I have been working through the MiSeq SOP (great work btw) and I use the subsampling command for normalisation. However, after subsampling I obviously lose some OTUs from the resulting shared file. Is there a way to redo the taxonomy file so only the OTUs corresponding to the shared file are included? As it stands I fear I will have to do a lot of cross referencing with my original taxonomy file which will be less then ideal…
This shouldn’t be necessary since the OTU names don’t change. The column headings from the subsampled data will still correspond to those in the cons.taxonomy file.
As I mentioned, I would like to avoid cross referencing with the taxonomy file. For example I tend to insert the taxonomy IDs into a column in my shared file next to the OTUs, then I can easily cross reference in downstream analysis. If I cannot create the corresponding taxonomy file once I subsample, then I am unable to simply copy and paste the taxononmy file as obviously the alignment will be out and there will be many more IDs (from original taxonomy file) then remaining OTUs in the subsampled.shared file.
If it is not possible then cross referencing it is, but hopefully you can appriciate why I would like to avoid this…
I’m not sure what you mean by “If I cannot create the corresponding taxonomy file once I subsample”. The corresponding taxonomy file is not affected by subsampling. You can very easily do this with a some simple R commands. Alternatively, you can always use create.database [mothur.org/wiki/Create.database] to do what you propose.

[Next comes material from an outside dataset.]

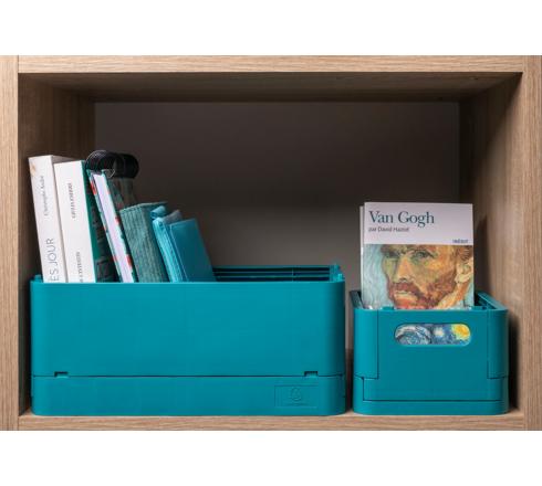 Respectueuse de l'environnement, cette boîte pliable est fabriquée en plastique recyclé issu des déchets ménagers et est ainsi certifiée GRS.

Sorry if I am not clear. I know the OTU numbers still correspond after subsampling, but several OTUs will be missing after subsampling so the rows of OTUs before and after wont align. This is why I was wondering if a new taxonomy file could be created after subsampling, which only contains the OTUs present in the subsampled shared file. It seems this is not possible and as I am no dab hand at R I will continue to do this manually.
You can generated a subsampling taxonomic file (and others) by following these three steps. The “name of file”.subsample.0.03.cons.taxonomy in step #2 is the OTU taxonomy list. Caution: a .list file is used for subsampling.
mothur > sub.sample(count=“name of file”.count_table, list=“name of file”.list, taxonomy=“name of file”.taxonomy, persample=T, size=5000)
Sampling 5000 from each group.
Output File Names:
“name of file”.subsample.count_table
“name of file”.subsample.taxonomy
“name of file”.subsample.list
2)
mothur > classify.otu(taxonomy="_name of file_".subsample.taxonomy, list=PS SUB 3.0 samples.list, label=0.03, count="_name of file_".subsample.count_table, basis=otu)
Output File Names:
“name of file”.subsample.0.03.cons.taxonomy
“name of file”.subsample.0.03.cons.tax.summary
3)
mothur > make.shared(list="_name of file_".subsample.list, count="_name of file_".subsample.count_table, label=0.03)
Output File Names:
“name of file”.subsample.shared
I agree with you 100% (I added a caution label). Just for clarification, these steps are just a quick example (just to be use as reference in his analysis) and were only addressing his particular case.